Discussing a comprehensive study published in The Lancet that found that the "longer women used the pill, the lower their ovarian cancer risk," the American Cancer Society wrote:
Ovarian cancer typically strikes late in life (half of all ovarian cancer cases are found in women over 63), and prognosis is often poor, largely because the disease is usually caught in its later stages. Ovarian cancer symptoms, which include abdominal swelling and digestive problems, are easily confused with other disorders, and there is currently no good screening test available to women.
According to the study, if the current level of oral contraceptive use remains steady, 30,000 cases of ovarian cancer worldwide could be prevented each year.
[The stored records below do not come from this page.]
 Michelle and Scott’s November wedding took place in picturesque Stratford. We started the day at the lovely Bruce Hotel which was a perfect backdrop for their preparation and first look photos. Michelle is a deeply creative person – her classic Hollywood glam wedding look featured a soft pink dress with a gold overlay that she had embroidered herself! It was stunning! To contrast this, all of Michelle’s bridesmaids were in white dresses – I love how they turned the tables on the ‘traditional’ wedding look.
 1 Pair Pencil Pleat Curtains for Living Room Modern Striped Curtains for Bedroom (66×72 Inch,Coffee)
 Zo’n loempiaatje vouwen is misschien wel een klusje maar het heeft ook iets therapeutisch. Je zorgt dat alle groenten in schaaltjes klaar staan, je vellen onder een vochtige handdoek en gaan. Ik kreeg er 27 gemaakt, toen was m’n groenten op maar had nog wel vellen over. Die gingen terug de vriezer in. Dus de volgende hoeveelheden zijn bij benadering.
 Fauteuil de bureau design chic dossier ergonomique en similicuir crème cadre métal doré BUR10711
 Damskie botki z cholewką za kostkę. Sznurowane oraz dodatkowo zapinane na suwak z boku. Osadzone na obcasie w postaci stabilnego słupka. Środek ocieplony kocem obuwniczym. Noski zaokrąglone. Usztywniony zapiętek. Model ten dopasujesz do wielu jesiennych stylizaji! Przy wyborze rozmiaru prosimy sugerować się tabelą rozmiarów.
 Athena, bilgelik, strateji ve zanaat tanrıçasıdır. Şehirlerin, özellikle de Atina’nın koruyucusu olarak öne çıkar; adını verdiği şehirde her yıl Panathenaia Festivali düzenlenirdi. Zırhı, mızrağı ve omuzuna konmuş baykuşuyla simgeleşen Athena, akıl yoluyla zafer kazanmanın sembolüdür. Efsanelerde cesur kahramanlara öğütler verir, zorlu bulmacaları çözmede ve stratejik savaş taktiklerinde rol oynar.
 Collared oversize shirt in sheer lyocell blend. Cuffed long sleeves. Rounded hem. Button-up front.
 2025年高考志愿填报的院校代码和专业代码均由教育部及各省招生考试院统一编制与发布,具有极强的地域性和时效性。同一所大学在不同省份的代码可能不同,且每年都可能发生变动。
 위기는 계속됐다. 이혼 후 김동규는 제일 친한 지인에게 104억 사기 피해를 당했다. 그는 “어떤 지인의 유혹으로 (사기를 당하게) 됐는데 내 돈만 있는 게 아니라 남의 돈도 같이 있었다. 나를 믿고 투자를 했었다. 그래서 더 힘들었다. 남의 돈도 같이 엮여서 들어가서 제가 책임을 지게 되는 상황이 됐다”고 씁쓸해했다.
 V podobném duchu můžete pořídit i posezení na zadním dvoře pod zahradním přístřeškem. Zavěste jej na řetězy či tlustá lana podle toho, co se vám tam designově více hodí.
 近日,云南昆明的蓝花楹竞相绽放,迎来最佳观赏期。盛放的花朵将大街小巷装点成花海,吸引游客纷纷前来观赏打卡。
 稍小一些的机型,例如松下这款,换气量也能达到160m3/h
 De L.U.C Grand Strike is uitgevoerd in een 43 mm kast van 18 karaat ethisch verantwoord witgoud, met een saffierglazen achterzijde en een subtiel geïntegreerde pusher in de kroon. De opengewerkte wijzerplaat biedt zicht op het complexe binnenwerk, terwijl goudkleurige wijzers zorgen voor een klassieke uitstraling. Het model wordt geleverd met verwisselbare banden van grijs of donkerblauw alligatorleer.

Even better, the protection that comes with the pill seems to start within a year of taking it and increase over time.
Throughout the debate about the administration's contraception requirement, Fox News has focused its attention on trying to create the perception that this decision solidifies Obama as anti-Catholic. Tantaros herself has said that the mandate is further proof of the administration's continued push to "beat up on Catholics." But most Americans -- indeed, most Catholics -- support employer-provided coverage for contraception.
Doctors also agree. Six hundred physicians -- including 70 Catholics -- have signed a letter supporting the administration's requirement that employers provide contraception coverage in their health plans, calling it a health care requirement:
"As a doctor or medical student, I support the decision by HHS Secretary Kathleen Sebelius to ensure that women have access to cost-free contraception regardless of who their employers are (with exceptions for houses of worship). The religious beliefs of an employer should not be a barrier to women receiving the care they need."
Faced with that reality, Tantaros ignored the health issues and asked: "Really? Is it stimulative?" Tantaros was referring to a 2009 ABC News interview during which then-House Speaker Pelosi noted that "family planning services reduce costs," arguing for why millions of dollars had been added to the stimulus package to expand family planning services. Pelosi further stated:
The states are in terrible fiscal budget crises now and part of what we do for children's health, education and some of those elements are to help the states meet their financial needs. One of those -- one of the initiatives you mentioned, the contraception, will reduce costs to the states and to the federal government.
As it turns out, Pelosi was right. Unintended pregnancies can result in public costs of more than $11 billion a year.
All of which perhaps explains why Fox News has continued to insist on discussing a phony "war on Catholics" and not the fight for women's health care.